Área de ocorrência do Bioma Caatinga e altimetria do Semiárido brasileiro. Fonte: Embrapa

  Nessas áreas, onde se concentram fauna e flora endêmicas, floresce também modos de vida específicos e adaptados a vida no sertão, como as comunidades tradicionais, quilombolas, indígenas e de fundo e fecho de pasto. Esse último, consiste em um sistema de ocupação coletiva de terras e uso comunitário, além das áreas familiares que são individuais. Nessas comunidades, os animais são criados soltos em espaços nos espaços da Caatinga e Cerrado, e árvores como o umbuzeiro, tamarindo e juazeiros produzem frutos essenciais para a alimentação dos bichos e da população. 

Quando o doce é autonomia: mulheres à frente da produção

  Em Juazeiro (BA), na comunidade de Fundo e Fecho de Pasto de Curral Novo, um grupo de mulheres vem inovando práticas ancestrais de beneficiamento do umbu e tamarindo. A cooperativa Aroma da Caatinga é composta por seis mulheres, que juntas produzem geleias e licores, além de aplicarem cursos profissionalizantes para outras agricultoras. De acordo com Clarice da Silva Evangelista, agricultora rural e membro da cooperativa, a fabricação de geleia a partir do fruto do umbuzeiro era realizada de forma caseira desde os tempos de seus avós, e vem se tornando para as novas gerações uma alternativa de renda fixa.“Nós começamos a trabalhar com umbu, no intuito de dar uma renda para nossa comunidade. Porque antes vivíamos somente da criação de bodes e galinhas” aponta a agricultora. 

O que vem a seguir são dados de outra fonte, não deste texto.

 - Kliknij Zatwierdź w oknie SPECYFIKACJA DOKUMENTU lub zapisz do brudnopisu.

  Mesmo com a mini-fábrica já instalada desde 2012, a tarefa de melhoramento na produção é constante na cooperativa. Para elas é importante que a “mão esteja na massa” enquanto os olhos e horizontes são direcionados ao conhecimento, por meio de projetos e ações formativas que participam. A associação possui rótulo próprio, padrão de qualidade dos doces, e uma variedade de produtos como umbuzada, geleia de maracujá do mato e licores.

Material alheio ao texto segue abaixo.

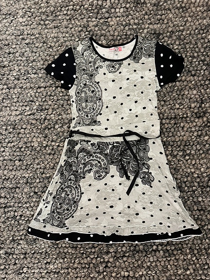 Papu mekko pellavaa, mustavalkoinen, koko 98/104

  A agricultora Clarice Evangelista, reflete sobre o quanto esse trabalho comunitário potencializa a renda das mulheres da comunidade.  Na cadeia de produção todas as tarefas e retornos são femininos: as associadas colhem o fruto, compram os materiais, fazem o doce, e vendem diretamente aos clientes. “Nós estamos na correria para ter nosso próprio dinheiro, sem depender de marido ou de pai. Decidimos e resolvemos tudo, aqui a gente ver que mulher está em todo lugar”. Evangelista complementa afirmando a importância da produção e da renda a partir do seu próprio quintal-produtivo, ação que reflete na queda da evasão rural e precarização do trabalho. 

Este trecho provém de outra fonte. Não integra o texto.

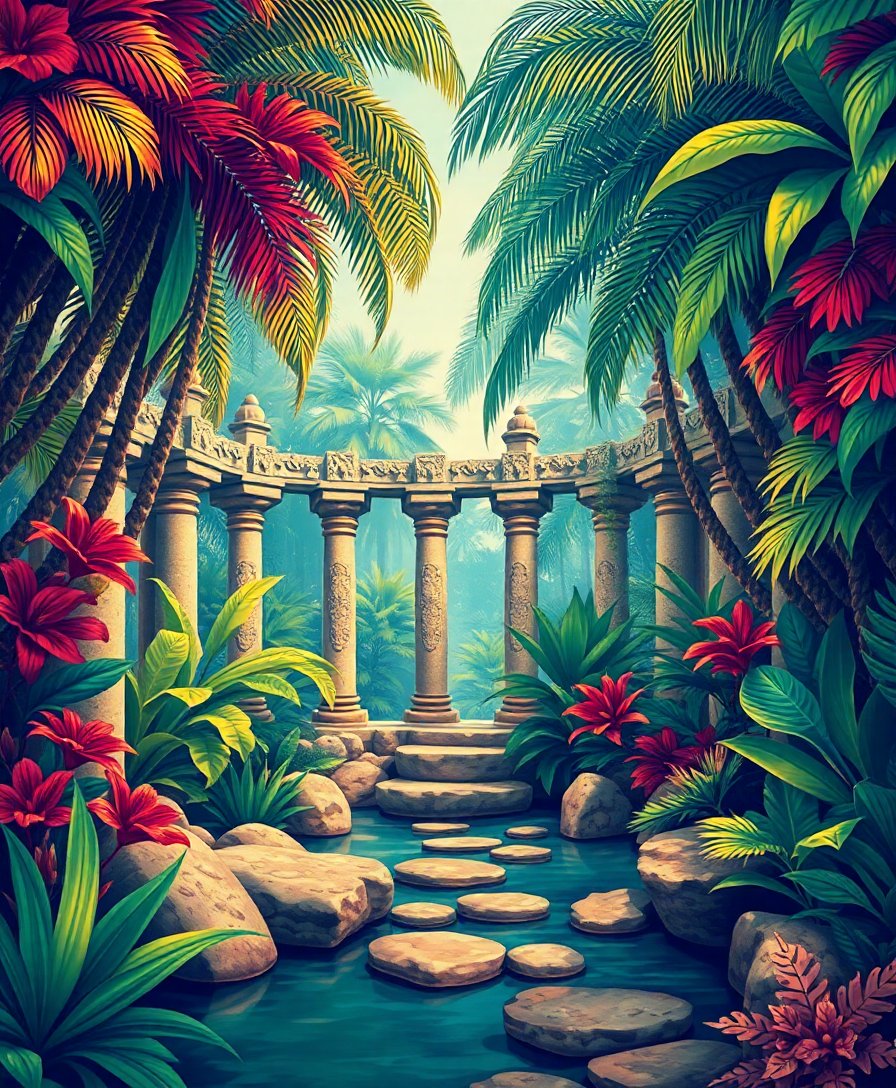 Benefits of This Vintage Sunken Tropical Garden Paint By Numbers

Embalagens e comércio dos produtos Aroma da Caatinga. Foto reprodução: arquivo pessoal.

Diante de secas previsíveis, tecnologias sociais garantem água e dignidade no semiárido

  No semiárido, onde a estiagem natural dura em média oito meses por ano e a constante ocorrência de secas, ou seja, quando o volume de chuva é inferior à média anual, tornam a população vulnerável. Em busca de soluções, inúmeras alternativas e tecnologias são empreendidas para melhoramento da qualidade de vida no semiárido, principalmente quando critério é a busca por água. Dentre elas, o uso de cisternas, barreiros, cacimbas, sistemas bioagua e tantos outros, se encarregam de dar mais dignidade a vida das famílias do sertão.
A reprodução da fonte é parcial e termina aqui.